From 2009, you may recall the English case of the landowner who obtained planning permission in March 2000 to erect what was described as a hay barn. One of the conditions attached to the permission was that the building could only be used for the storage of hay, straw or other agricultural products. Despite the external appearance of the building as a barn, it was in fact fitted out like a normal dwelling house. The landowner accepted that he had deliberately deceived the Council when he applied for planning permission for the barn, confessing that he had always intended that it should be a dwelling. However, he claimed that the building had been used as a house for more than four years and therefore could not be subject to enforcement proceedings in terms of the Town and Country Planning Act 1990.
The Court of Appeal held that, although decent law-abiding citizens would find the unanimous ruling “incomprehensible”, on the basis of legal arguments the appeal had to be allowed and so the landowner was allowed to remain in the house.

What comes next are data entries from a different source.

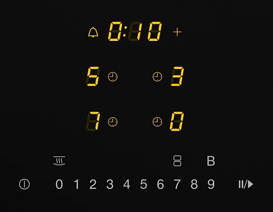 Таймер варочной панели — это устройство, позволяющее задавать время приготовления пищи. По истечении указанного времени таймер подает звуковой сигнал о необходимости отключения конфорки или выключает ее самостоятельно в зависимости от модели. С помощью этой опции можно запрограммировать отключение любой конфорки или всех конфорок одновременно.
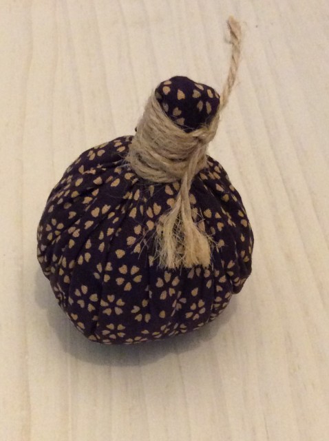 ハーブをぎゅ、ぎゅと布で包んだら、麻紐で閉じて、閉じた部分の上を持ち手にします
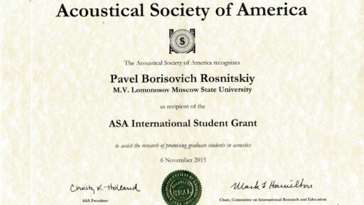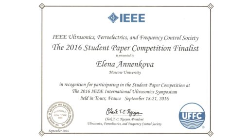 ASA Student Award, recognition on O.V.Deripaska MSU contest, paper in IEEE UFFC
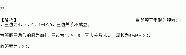 22 【解析】当等腰三角形的腰为4时,三边为4,4,9,4+4<9,三边关系不成立, 当等腰三角形的腰为9时,三边为4,9,9,三边关系成立,周长为4+9+9=22. 故答案为:22.
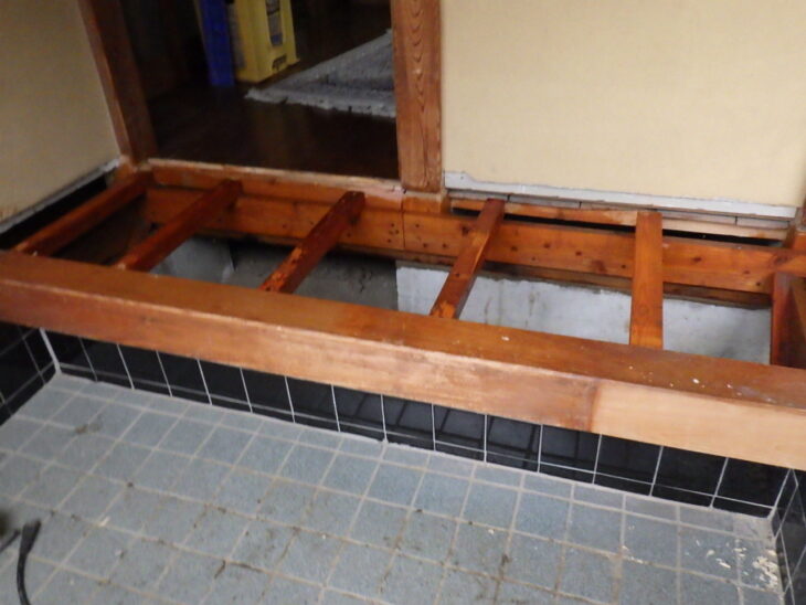 雨に濡れた靴、結露、外気との温度差など、家の中で最も湿気がたまりやすい条件が整っており、木材が湿気を持ちやすい環境でもあります。今回も床を解体してみるまで被害の全容は分かりませんでしたが、いざ開けてみると少し驚きの光景が広がっていました。
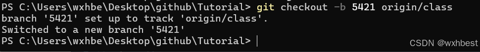 4、通过git checkout -b 5421 origin/class切换自己的分支,这个5421是我自己的ID,随便起啥名,记住就行—>
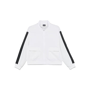 white front zip fastening two front flap pockets ribbed cuffs and hem long sleeves Logo zipped sweatshirt Size and Fit - This piece fits true to size. We recommend you get your regular size. Model is 1,75m / 5ft 8in wearing size S
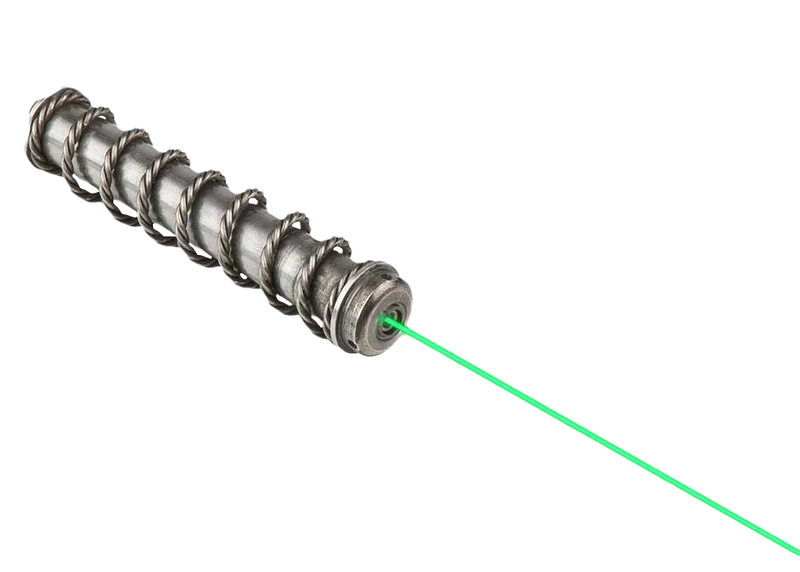This is a 5mW green laser sight (520nM wavelength) designed as a guide rod assembly for Glock 17, 17 MOS, and 34 Gen 5 pistols. The laser produces a 0.63" dot at 20 yards with an effective range of 50 meters and uses a 393 battery. It mounts directly into the guide rod for a low-profile installation without requiring adjustments.
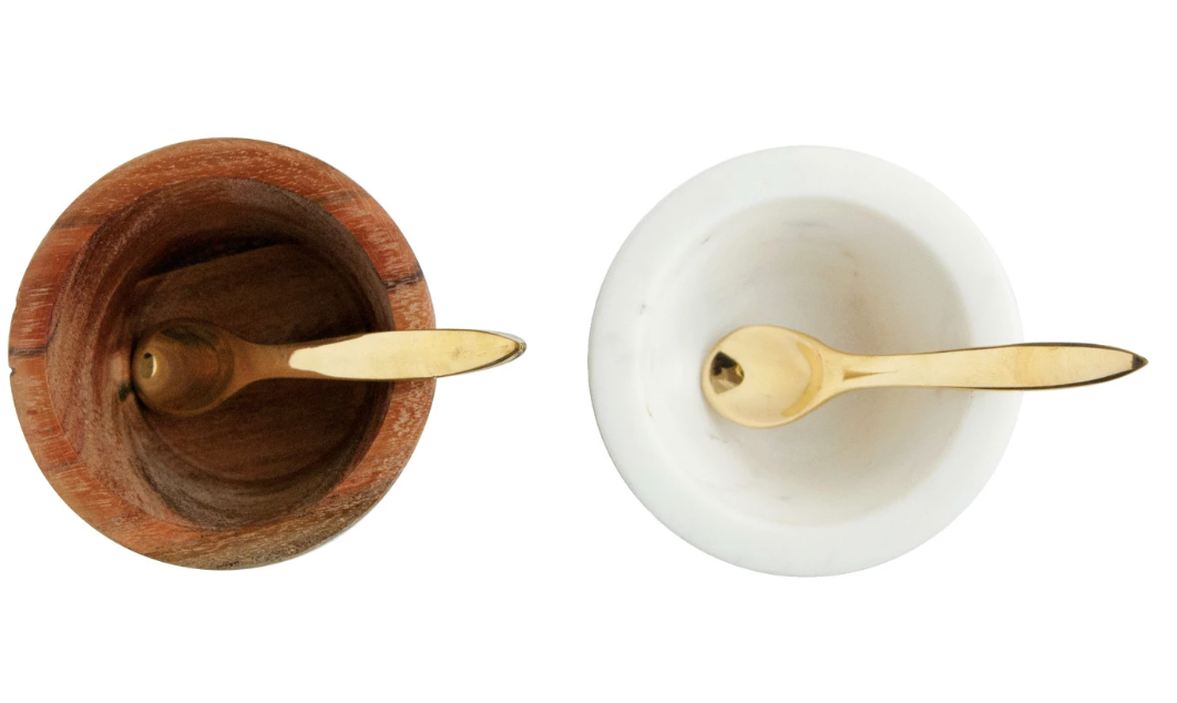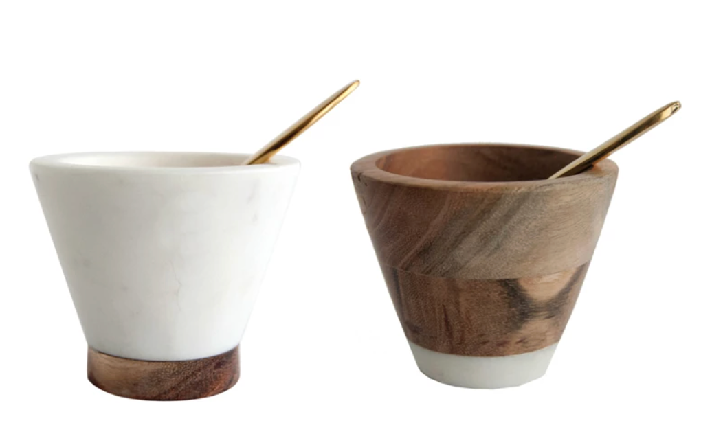 Handcrafted from natural marble and warm mango wood, this elegant pinch pot with matching spoon brings artisanal charm to your kitchen or dining table. The organic curves fit comfortably in your hand, making it perfect for serving nuts, candies, or small condiments. Each piece showcases unique veining and wood grain patterns, ensuring no two are alike. The spoon's thoughtful design complements the pot's aesthetic while remaining practical for everyday use. A versatile accent that elevates both casual meals and special gatherings with understated sophistication.

It is interesting to compare that case with a more recent English one in which a landowner, Mr Fidler, built a house without obtaining planning permission and concealed the building behind bales of straw covered with a tarpaulin. Mr Fidler argued that the house had been substantially completed in June 2002. The new house was revealed when the straw bales and tarpaulin were eventually removed in July 2006. Within a year of the bales being removed, the planning authority issued an enforcement notice requiring Mr Fidler to demolish the house. Mr Fidler claimed he was immune from the planning enforcement notice because more than four years had passed since the building operations were substantially completed. The issue in question was at what point the building operations to the new dwelling house had been substantially completed. On the evidence, it was held that the building operations were not substantially completed until the removal of the tarpaulin and straw bales in July 2006, as they were no doubt put there for the purpose of concealing the dwelling house while under construction and were fundamentally related to the construction of the dwelling.
The 2009 decision, based on the law as it stood, must be correct. It may seem surprising that a person who deliberately deceives the planning authority can benefit from the deception and take advantage of the time limits for enforcement in the legislation, but that is what the law allowed. The case of Fidler, on the other hand, while reaching the “morally correct” decision, has made it clear that materials used to cover a house must be removed before the house can be said to be “substantially completed”. It is therefore clear that the erection and removal of straw can be included in “operations” which arguably stretches the definition as set out in section 55 of the Town and Country Planning Act 1990 Act. Thus, while this judgment may deter others from trying a similar deception, it may have more far-reaching effects than the courts had anticipated. The cases are also of potential relevance in Scotland: why should "operations" as used in section 26 of the Town and Country Planning (Scotland) Act 1997 be interpreted any differently than in England and Wales?
Nonetheless, the cases raise the question of whether the English legislation should be amended to cater for these situations by inserting a provision relating to deliberate deception or extending the time limits for enforcement action to be taken.